Despite these large numbers, striking examples with original surfaces set afire by corrosion are hard to find. You can search dealer junk bins at a big show or browse hundreds of EBay listings on Saturday morning and not find one that grabs you.
Where are they?
Well, many are still in the parking lot. Folks don't pick up pennies anymore.
Others are buried in rolls or bargain bags of wheaties. Most dealers will not waste a 2x2 holder for a "scudzy" coin. Of course, they are cheap when found -- unless you have to buy the whole roll or bag.
One approach is to check the scarce dates -- like this 1914-S. These are set aside as fillers. Fillers? What are fillers anyway?
I try not to buy a coin that I am already unhappy with. What's the point. I might fall out of love with a coin, but I do not add a coin that is just a place-holder. It is important to remember that necromancers do not fill penny boards -- instead, we look for magic.
This one is not a filler. It has magic.

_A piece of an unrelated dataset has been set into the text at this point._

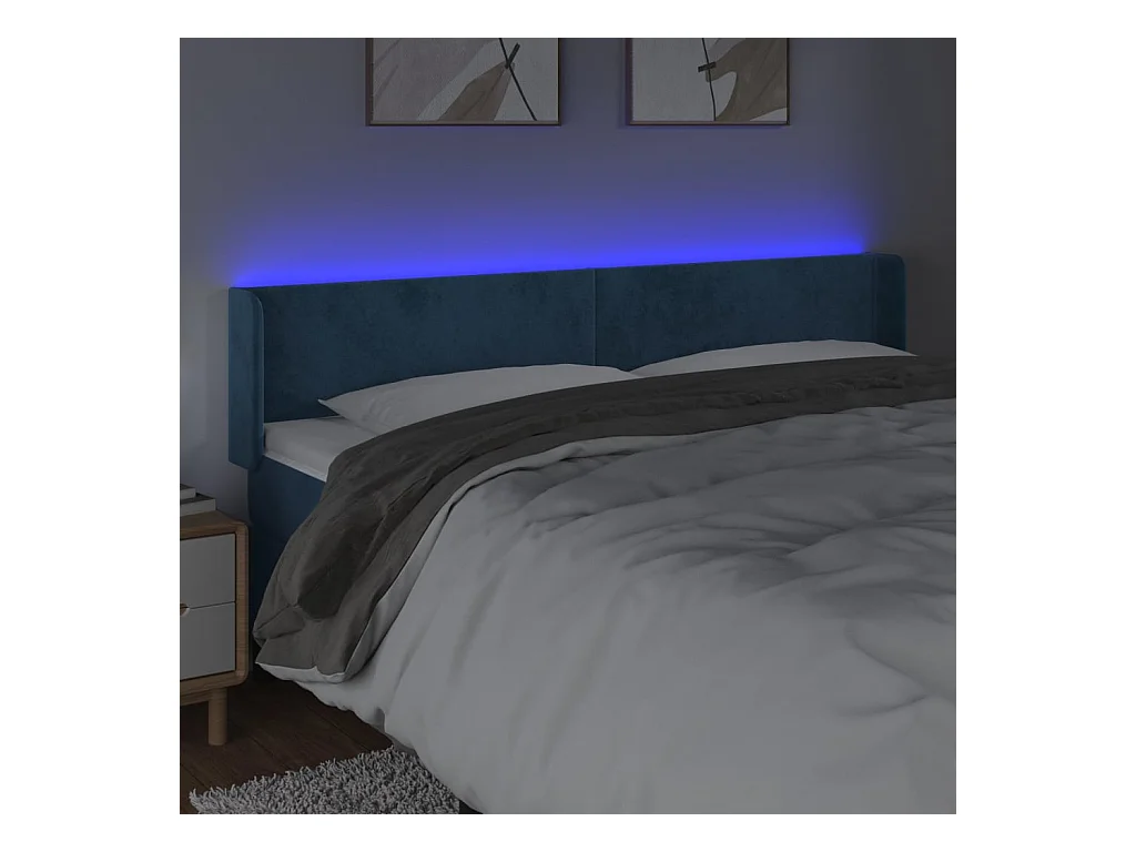 Cabecero con LED de terciopelo azul oscuro 203x16x78/88 cm ES86070

It was lost, probably looked for, and then found (and saved from oblivion -- probably due to the "S" mint mark). The act of saving it made it special. We animate the coin.
It was probably a woody cent when it first began to tone. I have seen this pattern before: first streaks, then blotches, and finally reds, browns, and blacks. The alloy mix was unfriendly at the start. The surfaces were charged up and unstable. But once the cent found its hiding place, moisture and soot pushed the issue.
Now it is a piece to behold. It looks pained. And, there is complexity in the grimace. An artist could not have brushed it more expertly. This cent exhibits the awful beauty that jots us to pay attention -- of course, red tones never fail to excite.